Question

I have a foolish question. But I don't understad it. Could you help me?

Why the following 2 are equivalent? 1. (Y,f) is a universal categorical quotient of X by G. 2. for all affine schemes Y',and morphisms Y' -> Y, if f':X' -> Y' is the base extension,then (Y',f') is a categorical quotient of X' by G.

Answer 1

I assume that by "universal categorical quotient" you mean a morphism $f\colon X\to Y$ that is a categorical quotient, and stays so after any base change $Y'\to Y$.

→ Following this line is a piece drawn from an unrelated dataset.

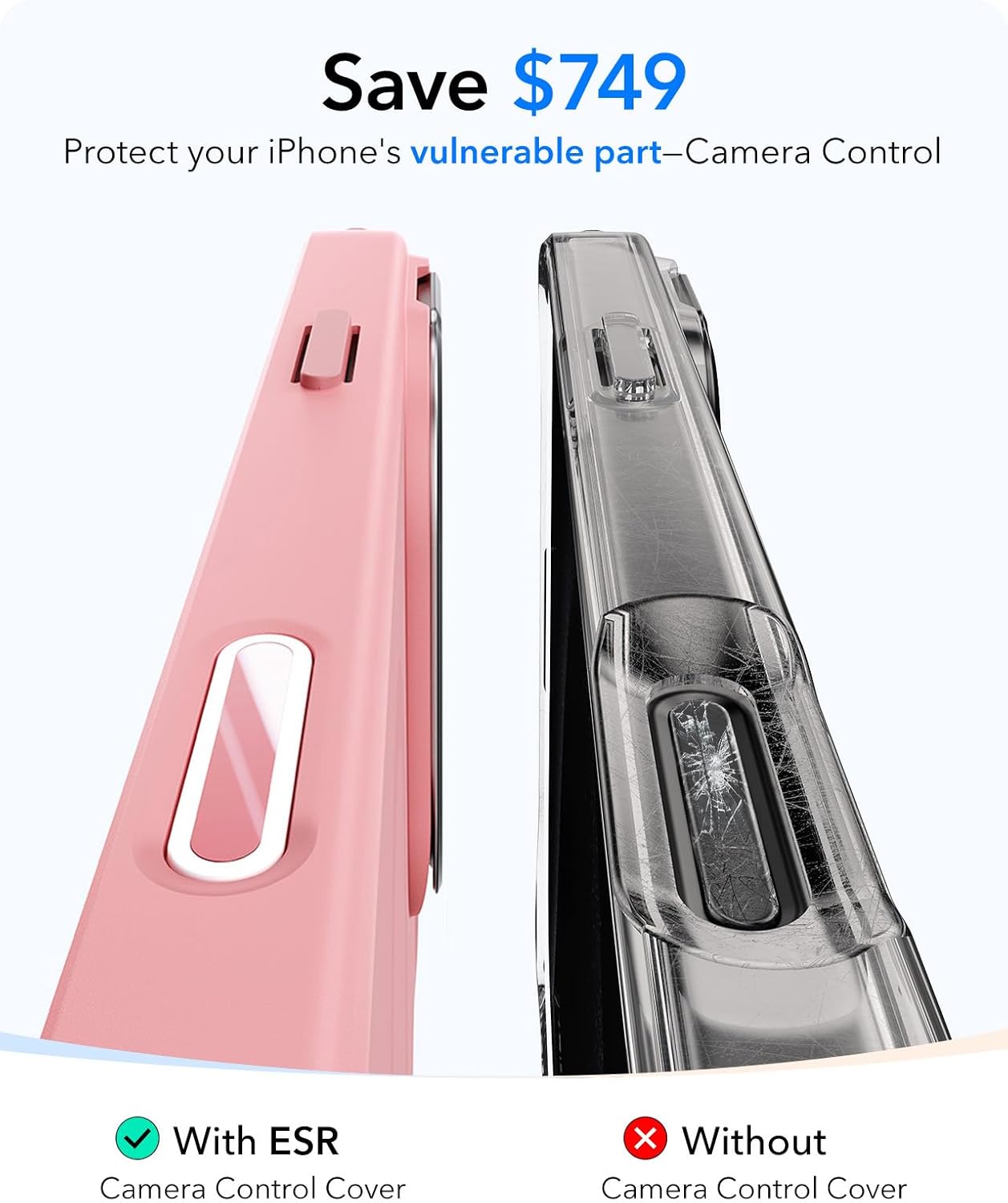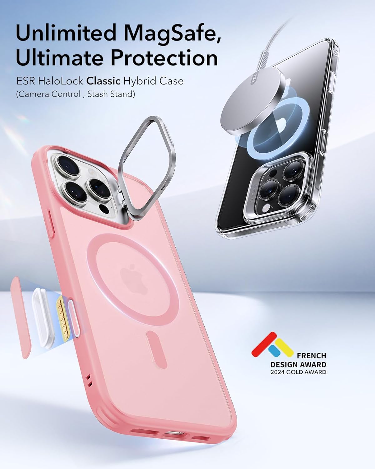 ESR калъф за iPhone 16 Pro, съвместим с MagSafe, защитен калъф по военен стандарт, вградена скрита стойка, калъф за мобилен телефон, устойчив на надраскване гръб, серия Classic, прозрачен розов

Then the implication (1)$\Rightarrow$(2) is obvious, and for the other, take any $G$-invariant morphism $g\colon X'\to Z$, and an affine covering $U_i$ of $Y$. Call $f'\colon X'\to Y'$ the base change of $f$.

For any $i$ the map $f'^{-1}(U_i)\to U_i$ will be a categorical quotient by (2) since it is an affine base-change of $f$, and so the restriction $g|_{f'^{-1}(U_i)} \colon f'^{-1} (U_i) \to Z$, being $G$-invariant, will factor through $U_i$. Since this factorization is canonical, those with different $i$'s will be compatible in the intersections (cover it with affines), and in the end you get a (unique) factorization $X'\to Y'\to Z$ for $g$, showing that $f'$ is a categorical quotient.

Answer 2

The morphism $f:X\to Y$ is a categorical quotient iff for all schemes $Z$, all $G$-invariant morphisms $g:X\to Z$ factor uniquely through a morphism $h:Y\to Z$ such that $g=h$, and $f$ is a universal categorical quotient if for all $Y'\to Y$, the morphism $f':X'=X\times_Y Y'\to Y'$ is a categorical quotient.

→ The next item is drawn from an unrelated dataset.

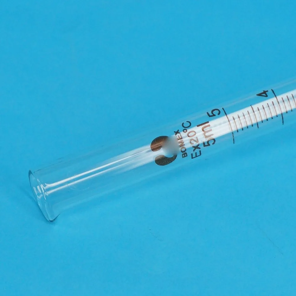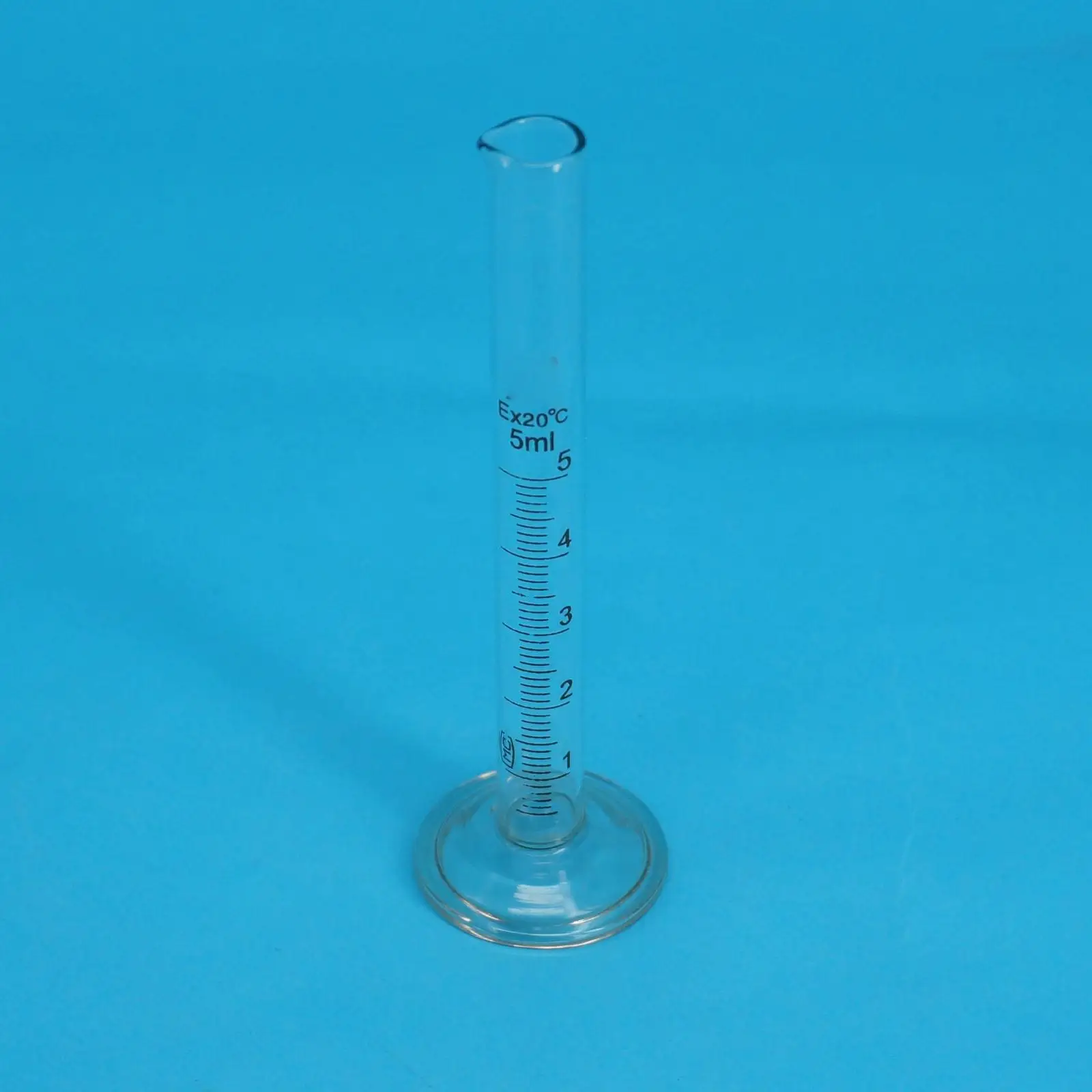 Лабораторный стеклянный мерный цилиндр 5 мл, высота 110 мм с носиком, стеклянная посуда

The answer to your question is an exercise in glueing. It is obvious that 1 implies 2. Conversely, if $Y'\to Y$ is a morphism then let

• $\{Y_i\}$ be a covering of $Y$ by open affines,
• $Y'_i$ and $X'_i$ the preimages in $Y'$ and $X'$,
• $\{Y'_{ijk}\}$ a covering of $Y'_{ij}:=Y'_i\cap Y'_j$ by open affines,
• $X'_{ijk}$ the preimage of $Y'_{ijk}$ in $X'$.

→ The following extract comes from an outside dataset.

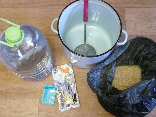Вода в баклахе из магазина, 5л. В этой же баклахе будете сбраживать пиво. Воды понадобится еще примерно пара литров кроме этих 5: на доливку и промывку.
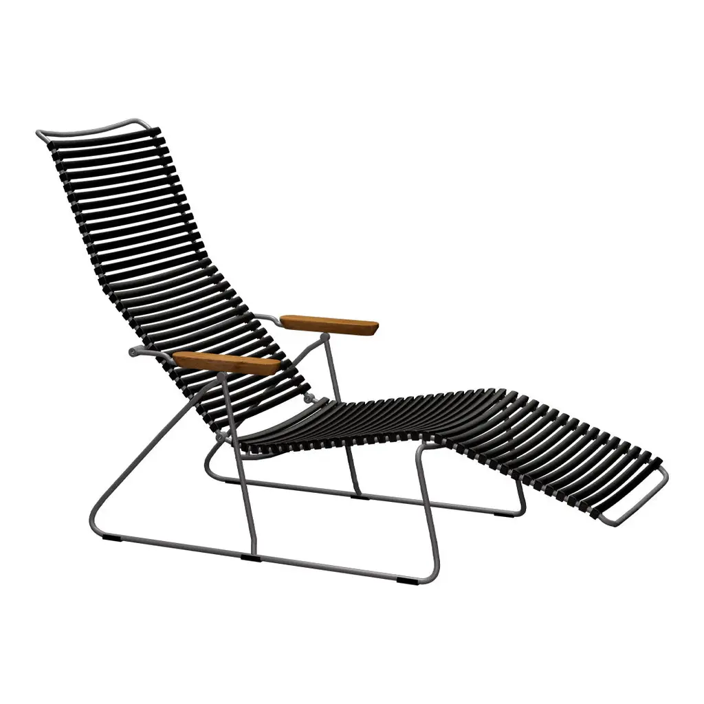 The HOUE Click Outdoor Sunlounger, designed by Henrik Pedersen, masterfully combines Scandinavian aesthetics with innovative materials to create a versatile lounger that's both visually striking and remarkably practical. This contemporary piece reimagines outdoor relaxation through thoughtful engineering and sustainable material choices. The lounger's distinctive profile emerges from its ergonomically curved backrest, which offers multiple adjustment positions to accommodate various lounging preferences. The frame, crafted from powder-coated gray steel, provides a robust foundation while maintaining a sleek, architectural presence. The seating surface combines durability with comfort through precisely spaced plastic lamellas, engineered to withstand outdoor conditions while allowing for optimal airflow and water drainage. Adding a natural touch to the modern design, bamboo armrests provide both tactile warmth and environmental consciousness. This sustainable material choice not only enhances the lounger's aesthetic appeal but also offers comfortable support that won't overheat in direct sunlight. The combination of materials results in a chair that's both weather-resistant and environmentally mindful. Perfect for pool areas, garden spaces, or contemporary patios, the Click Sunlounger demonstrates HOUE's commitment to creating outdoor furniture that balances form, function, and sustainability. Its sculptural presence makes it an attractive addition to any outdoor setting, while its durable construction ensures it will maintain its appeal through multiple seasons of use. Assembly required.

By the assumption, the morphisms $X'_i\to Y'_i$ and $X'_{ijk}\to Y'_{ijk}$ are categorical quotients. Therefore if $X'\to Z'$ is a $G$-invariant morphism then for each $i$ there is an induced morphism $h_i:Y'_i\to Z'$ obtained from the invariant map $X'_i\to X'\to Z'$. Moreover the restrictions of $h_i$ and $h_j$ to each open affine $Y'_{ijk}$ coincide, being obtained from the invariant map $X'_{ijk}\to X'\to Z'$, and hence coincide on $Y'_{ij}$. It follows that the $h_i$ glue together into a morphism $Y'\to Z'$ that answers the question.